Other diffuse or focal abnormal patterns in EEG:

Electrocerebral inactivity (ECI):

In ECI, no detectable EEG activity is noted at a sensitivity of 2 microvolts. Electrocerebral inactivity can be used as a supportive test in the diagnosis of brain death. Het is niet specifiek voor hersendood en kan worden waargenomen bij diepe sedatie en ernstige hypothermie en bij sommige metabole stoornissen. Bij het uitvoeren van opnamen als een aanvullende test om hersendood vast te stellen, moet aan bepaalde criteria worden voldaan, waaronder 30 minuten EEG van goede kwaliteit, een complete set hoofdhuidelektroden moet worden gebruikt met de inter-elektrode impedanties tussen 100 en 10.000 Ohm. De afstand tussen de elektroden moet ten minste 10 cm bedragen.

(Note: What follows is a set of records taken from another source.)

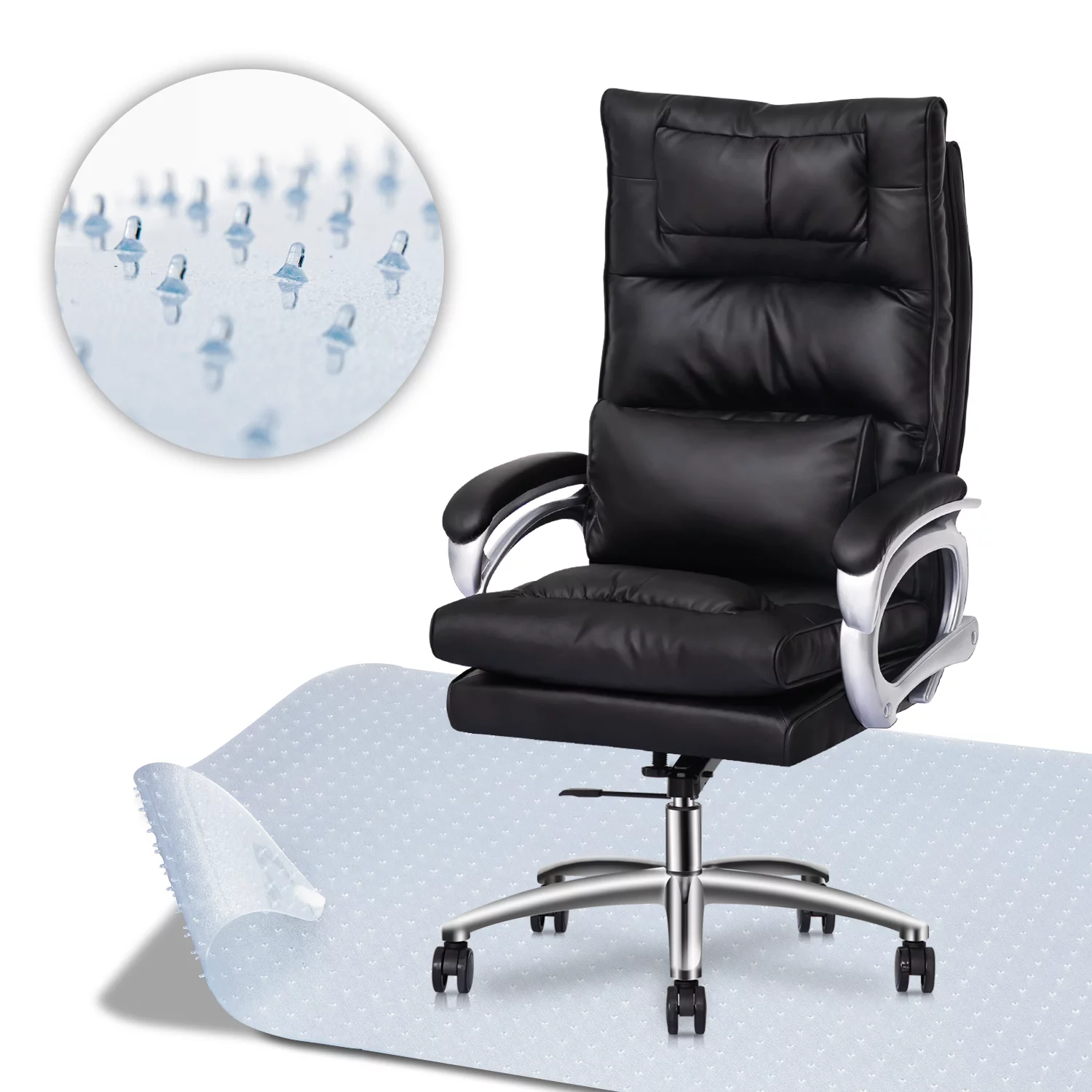 Magshion Executive Office Chair & Carpet Mat, Deep Tilt Swivel High-Back with Ergonomic Lumbar Support, Black
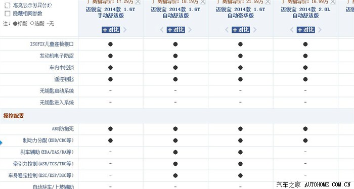 以前买车的时候关注过,我一直纳闷为什么哇什么来着一直强调凯美瑞2.0没有ESP.印象中迈锐宝有两款也没有,今天特地去看一下配置:
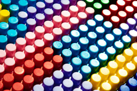 children's play background: the plane of plastic multi-colored bricks, blur, selective focus
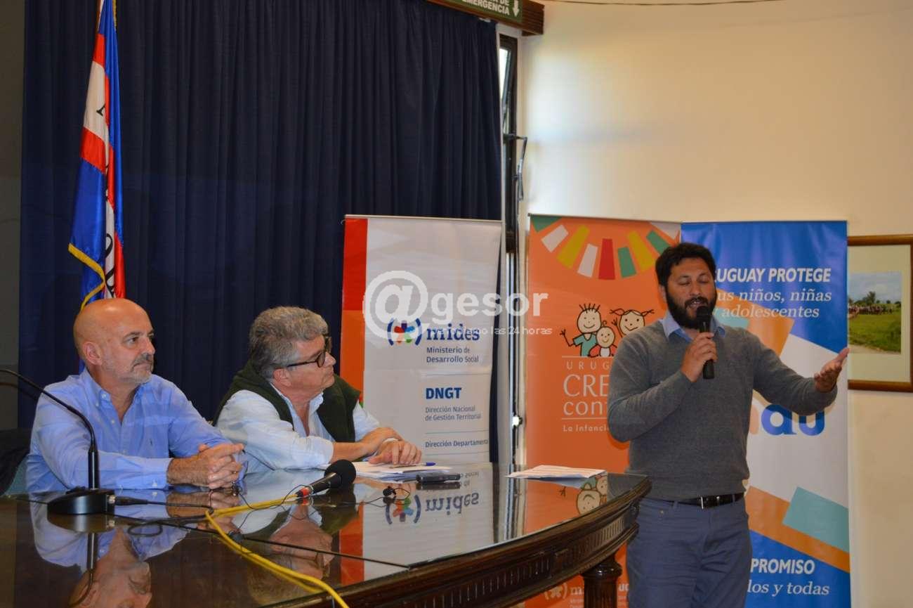 Este jueves se realizó el lanzamiento del Tercer Seminario Regional de Primera Infancia, actividad desarrollada en el salón de actos “Eduardo Víctor Haedo” de la Intendencia de Soriano, contándose con la presencia de Alvaro Arroyo Representante de Unicef, Director Nacional de Gestión Territorial del Mides Mauricio Guarinoni, el Director Nacional de Uruguay Crece Contigo Pablo Mazzini, el Director de INAU Dardo Rodríguez, Presidente de la Junta Departamental de Soriano Roque Maciel Bonti y el Secretario General de la comuna, Dr. Germán Cavallero. Durante la ceremonia arribó la Presidenta de INAU Marisa Lindner.
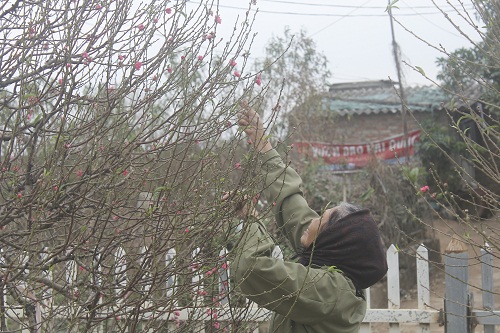 | Do đào nở sớm nên một số chủ vườn đã phải thuê người tuốt bớt hoa để dảm bảo đào nở lâu |
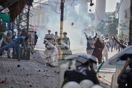 Supporters of Islamist party 'Tehreek-e-Labbaik Pakistan' throw stones toward police during clashes ahead of their pro-Palestinian march toward capital Islamabad, in Lahore, Pakistan, Friday, Oct. 10, 2025. (AP Photo/K.M. Chaudary)
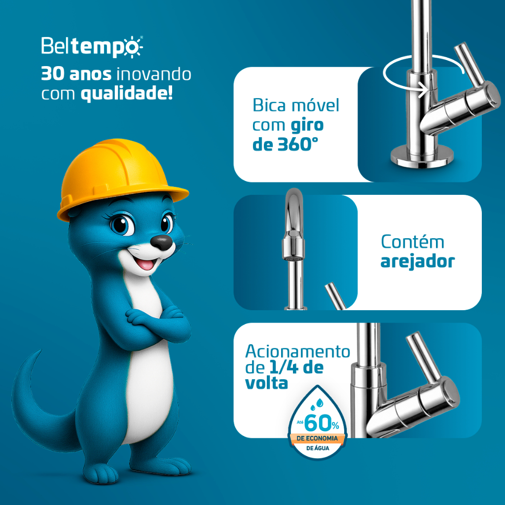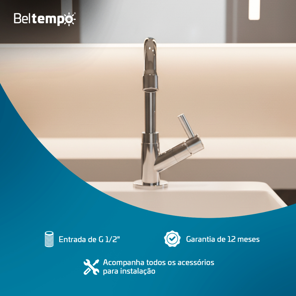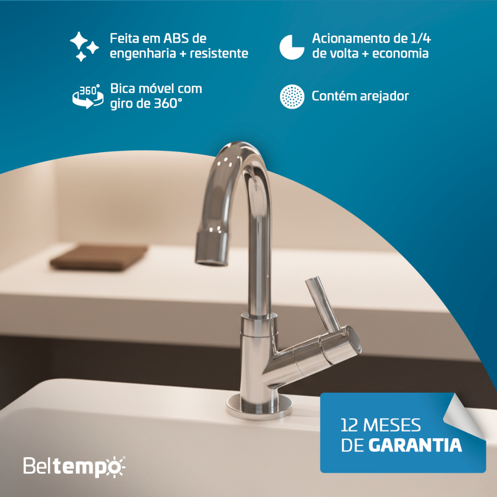 Torneira para Banheiro Lavabo Bica Baixa Bancada ABS Cromada Beltempo
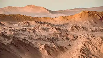 Mojave has alluvial fans that look remarkably similar to landforms in the Mojave Desert in the American southwest. Fans inside and around the outsides of the crater are closely similar to Earth's alluvial fans. As on Earth, the largest rocks are near the mouths of the fans. Because the channels start at ridge tops, it is believed they were formed by heavy downpours. Researchers have suggested that the rain may have been initiated by impacts.[2][3]

Burst onderdrukkingspatroon:

Burstonderdrukking wordt gekenmerkt door korte uitbarstingen van elektrografische activiteit. De uitbarstingen kunnen scherpe golven, pieken of langzame golven zijn. De uitbarstingen worden met tussenpozen waargenomen tegen een achtergrond van iso-elektrisch EEG. Het vertegenwoordigt een toestand van corticale hyperexciteerbaarheid als gevolg van gecompromitteerde inhibitie. Ze kunnen worden gezien als een medicijneffect van sederende drugs, hypothermie, metabole stoornissen, en anoxisch hersenletsel door hartstilstand. Verdere verdieping van coma door burst suppressie resulteert in ernstige lage amplitude vertraging met geen reactiviteit, het EEG lijkt relatief vlak. Burst suppressie wordt vaak medisch geïnduceerd in de medische behandeling van refractaire status epilepticus. Het doel is om de uitbarstingen te beperken tot 1 per pagina of minder. Bij anoxisch hersenletsel kunnen myoclonische schokken worden waargenomen die de bursts vergezellen.

Breukritme:

Het betekent op zichzelf geen elektrische of structurele afwijking, maar eerder een focale abnormale morfologie en verandering in spanning die wordt waargenomen over gebieden van craniale of hoofdhuiddefecten. Dit houdt verband met een verminderde impedantie bij het opvangen van het signaal van de cortex, waar het overliggende bot of weefsel ontbreekt.